Random proofs in Lean 4.
This is my attempt at formalizing Terence Tao's Analysis I. I gave up in the middle of chapter 4 because setoids were not fun to work with.
This project can compile under Lean 4.7.0-rc1.
This is my attempt at formalizing Wikipedia's proof of Rayleigh's theorem. My attempt was successful.
I submitted a pull request to mathlib4 and it was merged after some fairly heavy modifications. The mathlib4 docs are available here.
This project can compile under Lean 4.7.0-rc1.
This is my attempt at formalizing Anglin's proof of the cannonball problem.
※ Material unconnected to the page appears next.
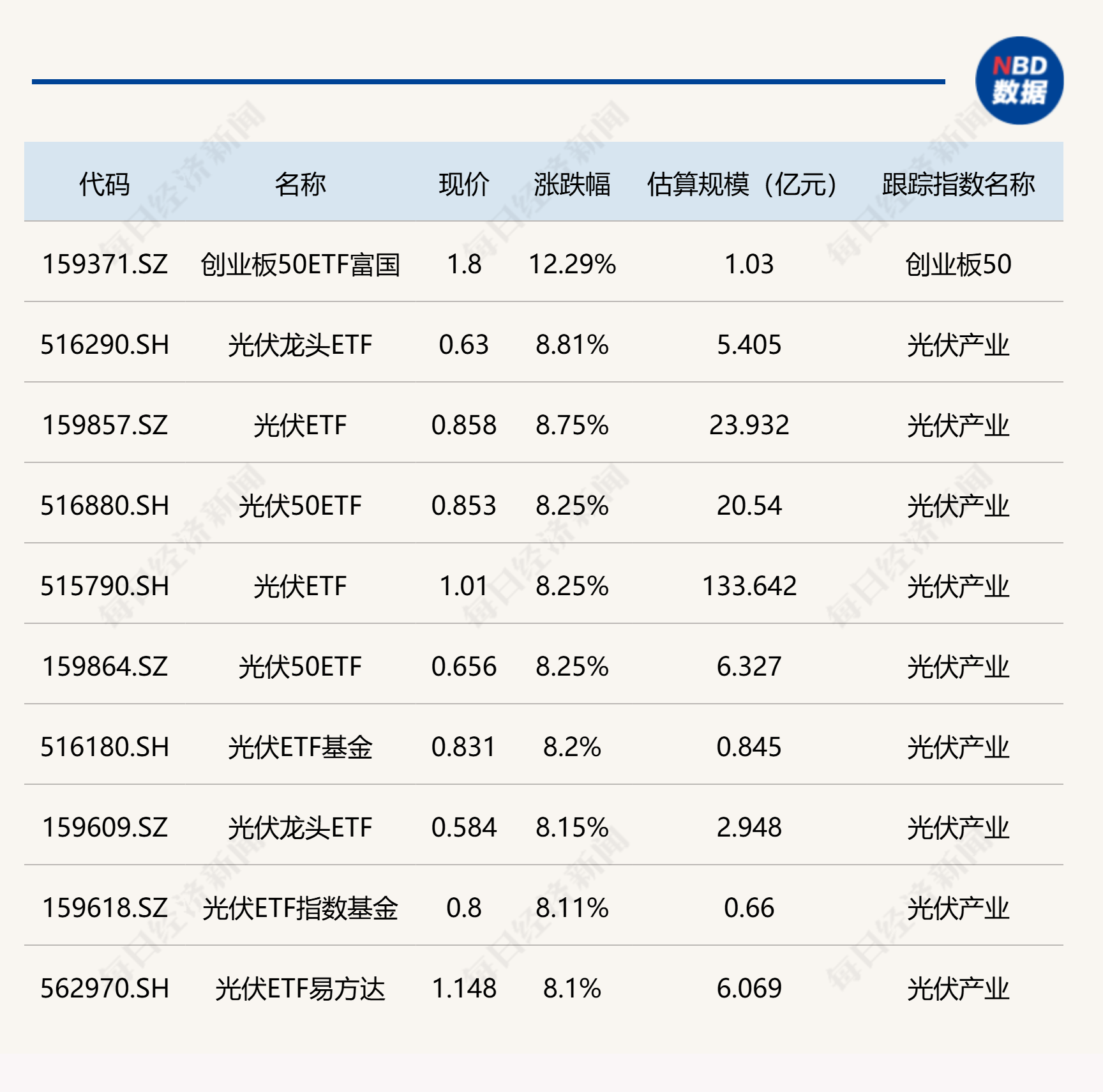 ETF漲跌幅方面,創業板50ETF富國漲超12%,但溢價超8%。

My attempt was successful and I created a summary PDF (link).
This project can compile under Lean 4.7.0-rc1.
This is my attempt at formalizing a "Finite automata reduction" certificate checker (see Chapter 6 of this PDF). Here's a quick intro:
- The goal of bbchallenge is to prove that the 5th busy beaver number is 47176870.
- As part of bbchallenge, many people have written deciders. A decider takes as input a Turing machine and outputs either halt, non-halt, or undecided. Some deciders also output an easily-checkable certificate.
- One decider is named "Finite automata reduction" (FAR). This is a powerful decider that leaves ~10 Turing machines undecided. This decider also outputs easily-checkable certificates.
- Side note 1: A lot of FAR certificates were created in an ad hoc way. This matters for certificate creators, but not for certificate checkers.
- Side note 2: Most of the ~10 undecided machines were formally proven in Coq to not halt.
- There are FAR certificate checkers, but they have not been formally verified.
Goals:
- Prove Theorem 6.4.
- Find a way to get Lean 4 to accept a FAR certificate. i.e. given a non-halting Turing machine and its FAR certificate, prove that the Turing machine does not halt.
So far, Theorem 6.4 has not been proven yet in Lean 4.